Дмитрий Казаков - Война призраков
То ли от ограниченного пространства, то ли еще отчего, но в деревянной коробке Виктора посещали удивительно яркие воспоминания. Они сопровождались звуками, запахами, тактильными ощущениями. Возникавшие из недр памяти моменты приходилось переживать заново.
Каждый раз после этого Виктор чувствовал себя опустошенным и измотанным.
Но энергия быстро восстанавливалась, и он ощущал, что его вновь тянет на склон холма, туда, где под скособоченным навесом лежит неуклюжий деревянный предмет…
– Что мы тут делаем? – спросил он как-то у инструктора Джонсона, перед тем как залезть в ящик.
– Уничтожаете свое прошлое – ответил тот. – Именно прошлое чаще всего определяет, чем человек себя считает и тем самым является. Вам же придется научиться быть людьми без прошлого.
После этой беседы стало ясно, зачем нужен запрет на разговоры между курсантами о том, кем они были и чем занимались ранее, до появления на острове Грасъоса.
С каждым разом входить в воспоминания было все легче. Вот и сегодня Виктор без особых усилий вызвал из памяти первый день в университете, бестолковый и суетливый, закончившийся безобразной пьянкой на квартире у кого-то из однокашников…
Пережив его заново, он откинул крышку и выбрался наружу.
Джонсон, давший задание извлечь только одно событие, взглянул на него, но ничего не спросил. Смахивавший на индейского вождя, лейтенант всегда знал, выполнил подопечный его задание или нет.

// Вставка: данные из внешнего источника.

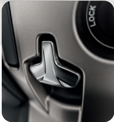
NEU: FESTSTELL- BREMSHEBEL
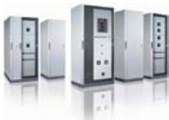
Tableros para mineria bajo estandar Nema o IEC
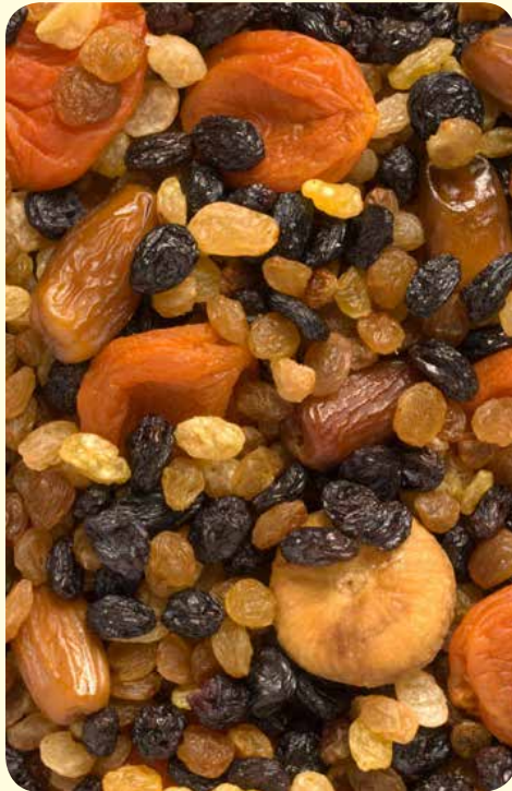
מקווה שנהנתם חג שמח
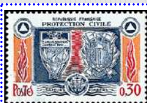
← Timbre de 1964

Cette fois c'est 10 timbres qui, d'un coup, rendent hommage aux pompiers à travers toutes leurs actions de sauvetage et leur protection vestimentaire (notamment le fameux casque de pompier). C'est PHILAPOSTEL, ton association, qui organisera dans 10 villes le premier jour de ce bloc.
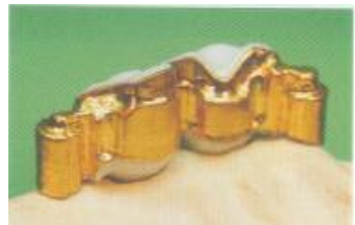
Abb. 23: Einwandfreier Sitz der Sekundärstruktur nach Randkorrektur.

charakter (Abb. 18). Über ein Dublierungsverfahren werden diese Kronenblöcke in ein Duplikat übertragen (Abb. 19) und die zu galvanisierenden Anteile mit Leitsilber elektrisch leitfähig gemacht (Abb. 20). Die Kupferelektroden werden nach Herstellerangaben (je nach Gerätesystem leicht unterschiedlich) für die galvanische Abscheidung vorbereitet und Geschiebeflächen aus Fein-
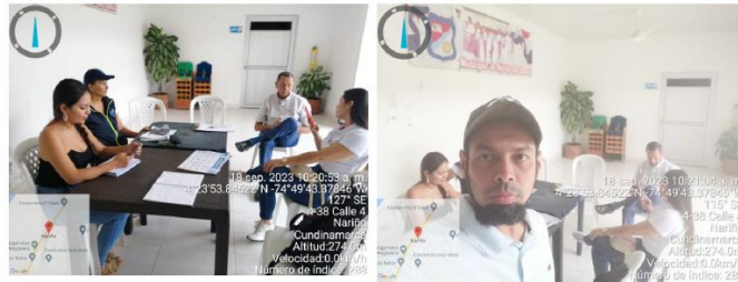
Foto Tercera Sesión CIDEA Municipio de Nariño 18 de septiembre de 2023
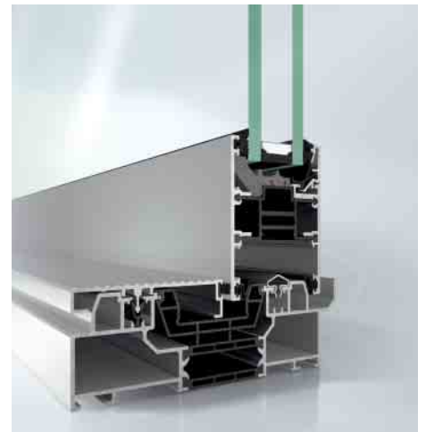
Blendrahmen mit anextrudierten Rinnenprofilen reduzieren Fertigungsschritte und Artikelanzahl Outer frames with co-extruded gutter profiles reduce the number of fabrication steps and articles

In die Verarbeitung der Schüco Schiebesystem-Plattform ASE 60/80 haben einige neue Prinzipien und Details Einzug gehalten. Im Gegensatz zu den Vorgängerserien ist die gesamte Verarbeitung in beiden Bautiefen nun identisch. Damit ist die projektspezifische Auswahl der richtigen Bautiefe für die Fertigung flexibler geworden. Die Eckverbinder können wahlweise mit Nägeln oder Schrauben verarbeitet werden. Mittels vorkonfektionierte Bauteile erfolgt die Fertigung schneller und sicherer. So sind z. B. Kunststoff-Profile mit integrierten Dichtungen erhältlich. Auch eine Erleichterung: Das Gleiterprofil ist jetzt als 6-m-Profil verfügbar und trägt zu einer leichteren Flügelmontage bei.
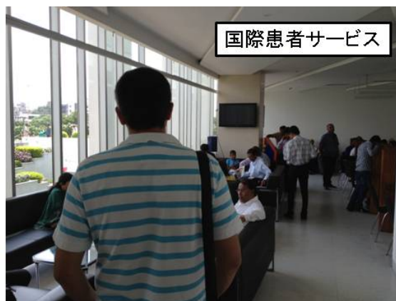
国際患者サービス
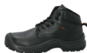
Suela PU doble densidad
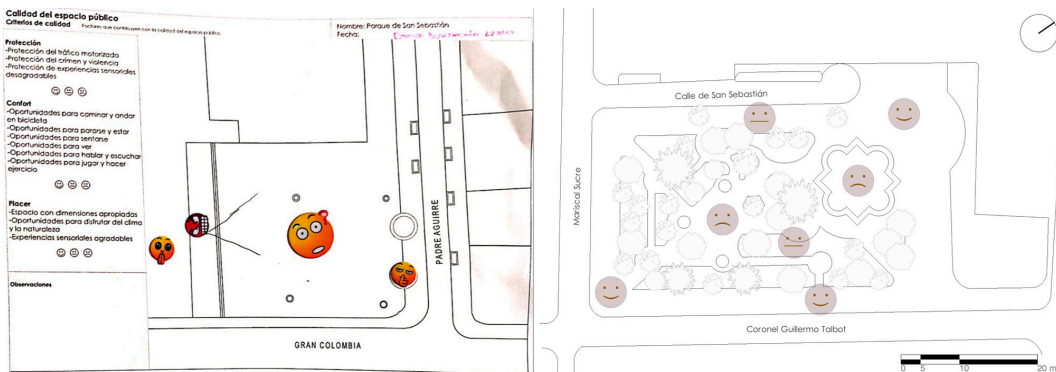
Figura 8. Ficha de levantamiento de la Plaza Santo Domingo y plano procesado del Parque San Sebastián, con la información del taller participativo

participantes elaboraron un mapa en el que mediante varios adhesivos representaron distintos estados de ánimo (Fig. 8). Debido a las restricciones tomadas en el marco de la pandemia de Covid 19, esta fase se llevó a cabo en dos de los espacios públicos analizados: parque San Sebastián y plaza Santo Domingo, en los que participaron 6 y 8 usuarios respectivamente.

– Не уходите, мистер Зеленский, – сказал он. – Подождите остальных.
Виктор кивнул и сел на землю. На западе догорал закат, багровое солнце почти полностью погрузилось в море, точно растворившись в его темных водах. В небесах пылали и все не сгорали облака. Белыми молниями метались над шумящим прибоем не умолкавшие чайки.
Виктор смотрел на все это, слушал и ни о чем не думал. В последнее время он открыл в себе способность просто наслаждаться вот такими моментами покоя, никуда не спеша и ни о чем не волнуясь. Дерганый и нервный журналист Зеленский был на такое просто неспособен.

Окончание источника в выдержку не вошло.